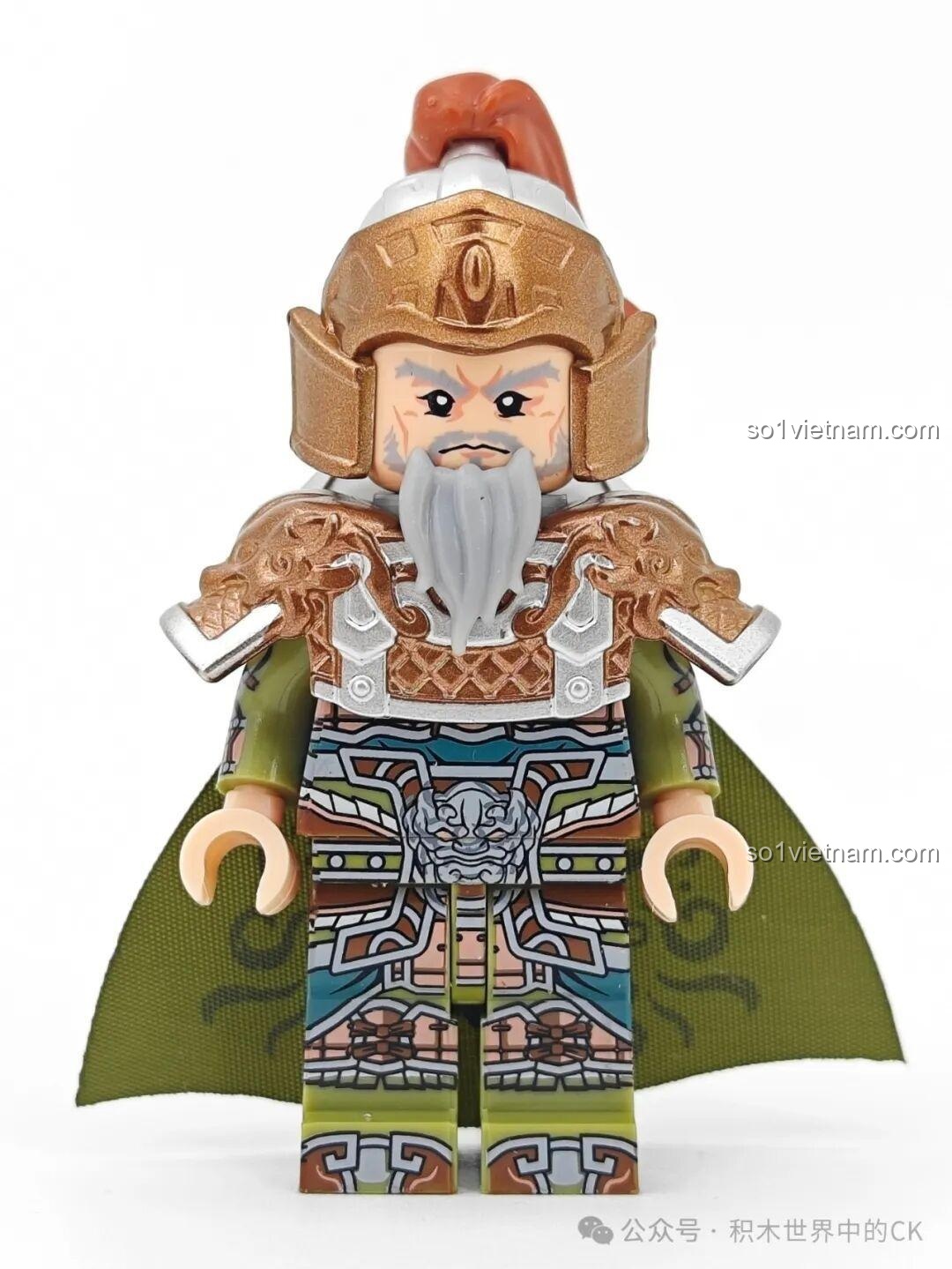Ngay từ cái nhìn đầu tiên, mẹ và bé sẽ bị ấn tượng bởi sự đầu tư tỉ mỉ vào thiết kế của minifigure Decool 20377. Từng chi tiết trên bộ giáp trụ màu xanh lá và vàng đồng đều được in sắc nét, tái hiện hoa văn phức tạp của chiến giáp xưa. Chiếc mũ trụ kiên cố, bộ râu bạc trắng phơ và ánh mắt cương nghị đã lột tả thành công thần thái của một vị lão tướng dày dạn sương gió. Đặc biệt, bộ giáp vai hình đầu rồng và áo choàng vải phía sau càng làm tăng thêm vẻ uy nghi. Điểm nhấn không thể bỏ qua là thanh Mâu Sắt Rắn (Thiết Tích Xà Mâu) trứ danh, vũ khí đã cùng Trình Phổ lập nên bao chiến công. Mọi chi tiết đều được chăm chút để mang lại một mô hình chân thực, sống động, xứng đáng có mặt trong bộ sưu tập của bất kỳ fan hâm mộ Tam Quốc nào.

○ ○ ○ ○ ○ ○ ○

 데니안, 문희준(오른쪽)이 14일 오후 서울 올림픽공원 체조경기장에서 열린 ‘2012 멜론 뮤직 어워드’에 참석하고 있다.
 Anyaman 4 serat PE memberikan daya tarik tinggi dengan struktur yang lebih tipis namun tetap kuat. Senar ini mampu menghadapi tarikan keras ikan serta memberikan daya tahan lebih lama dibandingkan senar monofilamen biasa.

○ ○ ○ ○ ○ ○ ○

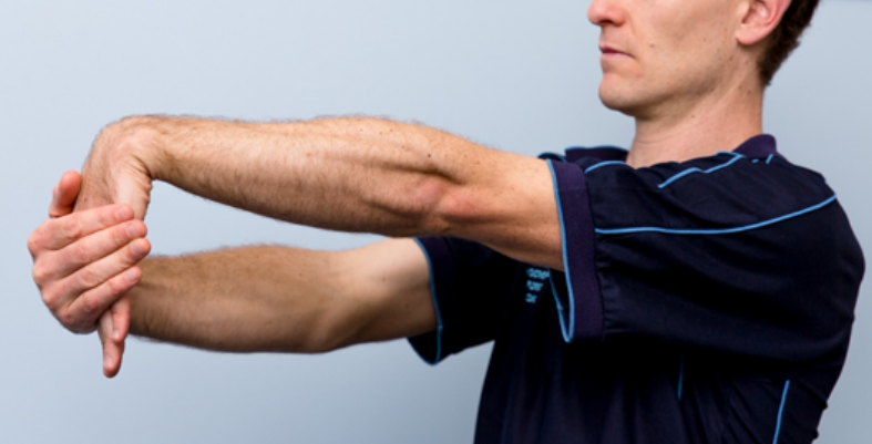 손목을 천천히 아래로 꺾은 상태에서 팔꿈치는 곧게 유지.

○ ○ ○ ○ ○ ○ ○

Your objective: Referring to the material above, set down exactly the lines between the line with "데니안, 문희준(오른쪽)이 14일" and the line with "Anyaman 4 serat", inclusive, and no other lines.

Output of the exercise:
 데니안, 문희준(오른쪽)이 14일 오후 서울 올림픽공원 체조경기장에서 열린 ‘2012 멜론 뮤직 어워드’에 참석하고 있다.
 Anyaman 4 serat PE memberikan daya tarik tinggi dengan struktur yang lebih tipis namun tetap kuat. Senar ini mampu menghadapi tarikan keras ikan serta memberikan daya tahan lebih lama dibandingkan senar monofilamen biasa.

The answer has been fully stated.